Doctors, meanwhile, would be paid at current Medicare rates, though Warren would increase reimbursements for primary care doctors and lower them for certain specialists, whom she called “overpaid.” Physicians would also benefit since they would spend less time on billing and dealing with insurance companies, she said.
These rates would be a big haircut from those paid by private insurers, though it would be a bump up from Medicaid reimbursement. So just how it affects providers would depend on their mix of private, Medicare and Medicaid patients. This, along with other payment reforms, would save $2.9 trillion over a decade.
Still, the powerful hospital and physician groups would fight such a change in reimbursements. For instance, when devising a state-run public insurance option earlier this year, Washington lawmakers wound up capping payments at an average of 160% of Medicare rates, instead of just Medicare rates, after an outcry from the industry. That reduced projected premium savings to only 5% to 10%, instead of 40%.
“These [Medicare] rates are simply so punishing to doctors, nurses and hospital employees compared to private insurance that there will be revolt among the medical profession,” Kessler said. “So there will either be an expensive rollback or demonstrations in the street.”

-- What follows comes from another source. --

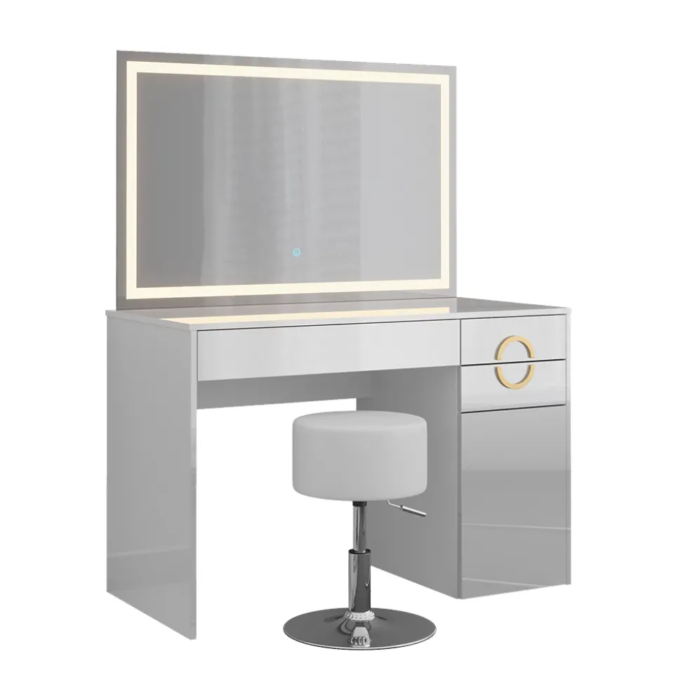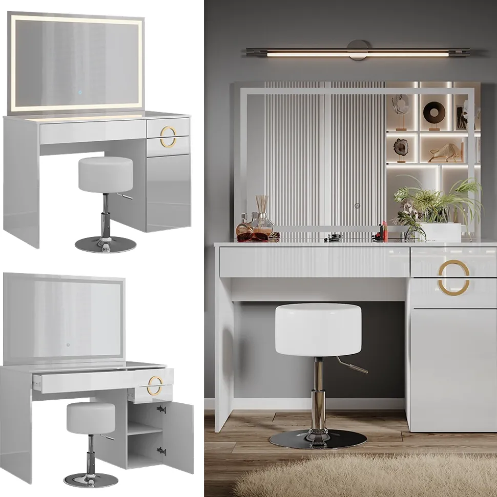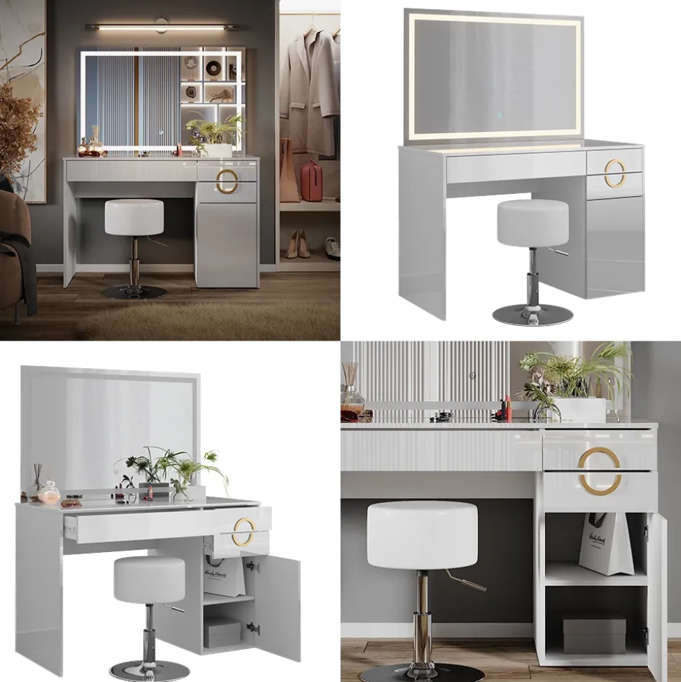 - Hervorzuheben sind die klaren Vorzüge dieser Schminkkommode: Der LED-Spiegel und der bequeme Hocker sind bereits inklusive und machen diesen Frisiertisch zur idealen Wahl für Ihr perfektes Styling.

Slowing health care spending growth: Overall, Warren’s proposal would lower the rate of health care spending growth in the US so that it falls in line with overall economic growth, according to the analysis done for the campaign. This would save $1.1 trillion over a decade.
That will be possible in part because currently about one-third of the spending – roughly $1 trillion – is low value, Berwick said. That gives the US a lot of opportunity to eliminate these wasteful expenditures under Medicare for All.
But other experts doubt that will be possible.
“To get down to GDP growth is not something we’ve ever done in this country,” Holahan said.